Just seen the Ribble, what a nice looking bike. I believe these bikes given the correct exposure to the non cycling public will entice some to use a bike more and a car less. The only concern I have the power and top speed becomes abused to the point of dangerous. I also think 15mph is just a tad too low, 16-17mph before assistance drops away. If a non dedicated rider can get one ideally two hours of assistance over a hilly terrain, that will be more than sufficient for them to build a good starting fitness.


----------



## derrick (31 Jan 2019)

CXRAndy said:


> Just seen the Ribble, what a nice looking bike. I believe these bikes given the correct exposure to the non cycling public will entice some to use a bike more and a car less. The only concern I have the power and top speed becomes abused to the point of dangerous. I also think 15mph is just a tad too low, 16-17mph before assistance drops away. If a non dedicated rider can get one ideally two hours of assistance over a hilly terrain, that will be more than sufficient for them to build a good starting fitness.

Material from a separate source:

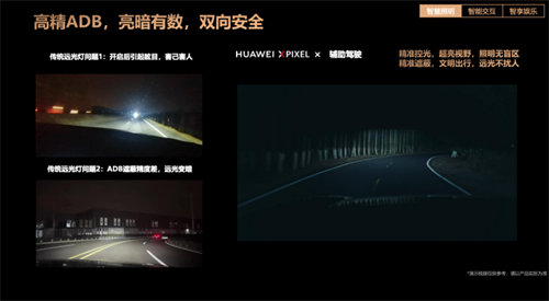 安全是用户出行的基石。夜间行车时,驾驶员视野受限,如果再遇到对向来车开启远光灯,则更难以看清前方路况。针对这一驾驶者的共同困扰,HUAWEI XPIXEL智能车灯模组将华为乾崑智驾ADS的强大感知能力与高精ADB(自适应远光灯)技术相结合,让车灯拥有了“智慧”。简言之,当系统识别到对向车辆或行人时,可在毫秒间自动调整光线,既能为驾驶者保留完整的照明视野,又能精准遮蔽照射到其他车辆或行人的光线,同时还能屏蔽对向车辆的远光灯干扰,极大降低了夜间会车的事故率,让远光灯不再只是“照亮自己”的工具,而成为兼顾双向安全的可靠保障。

I think the 15mph works well. After all its should be just to get you up the hills. Paul did struggle a bit in certain places.Due to the bike being quite heavy. But he enjoyed it. He says he will never worry about anymore hills. The idea is battery assist. It is a nice bike.


----------



## youngoldbloke (1 Feb 2019)

CXRAndy said:


> Just seen the Ribble, what a nice looking bike. I believe these bikes given the correct exposure to the non cycling public will entice some to use a bike more and a car less. The only concern I have the power and top speed becomes abused to the point of dangerous. I also think 15mph is just a tad too low, 16-17mph before assistance drops away. If a non dedicated rider can get one ideally two hours of assistance over a hilly terrain, that will be more than sufficient for them to build a good starting fitness.





derrick said:


> I think the 15mph works well. Paul did struggle a bit in certain places.Due to the bike being quite heavy. But he enjoyed it. He says he will never worry about anymore hills. The idea is battery assist. It is a nice bike.



15 mph is too low. 18 would be much better. I've found it can be hard work staying with a group as their speed drifts up over 15 on favourable stretches of road (this is with the club leisure ride group). It's like trying to keep up riding a heavy touring bike. My Gain is around 15 -16kg with pedals, saddle pack, bottle etc. 
I don't agree that "After all its should be just to get you up the hills". The minimum level of assistance puts me back in the position I was in before my legs became 'bu99ered' (I can't ride a conventional bike more than 3 -4 miles now, before the leg pain stops me - even my 8 kg carbon bike) so when it cuts out at 15 mph it can begin to hurt quite a lot! Hills can be fun now though!


----------



## TheDoctor (21 Mar 2019)

Sadly, the 15 mph limit is a legal one - any faster and it's a motorbike, with all the legal and licensing issues that involves.


----------



## Levo-Lon (22 Mar 2019)

derrick said:


> Well today i went out with Paul on his Ebike, Had a good ride chasing him up the hills, He really enjoyed it as it's the longest ride he has done for a while, He made me work on the hills, but i made him work on the flat and the fast hills, so a good time was had by both of us, I think there is a place for them on club rides as long as they are rode sensibly. Was a windy afternoon but it was not cold or wet, Got back to the pub where we had a few beers and discused the ride, am looking forward to the next one.
> https://www.strava.com/activities/2076052709




In a nutshell that's what there all about.
People getting out and having a good ride without destroying themselves.

Best thing my wife ever bought, 20 mile MTB ride no prob,she used to struggle with 5-10 easy MTB miles on a normal bike


----------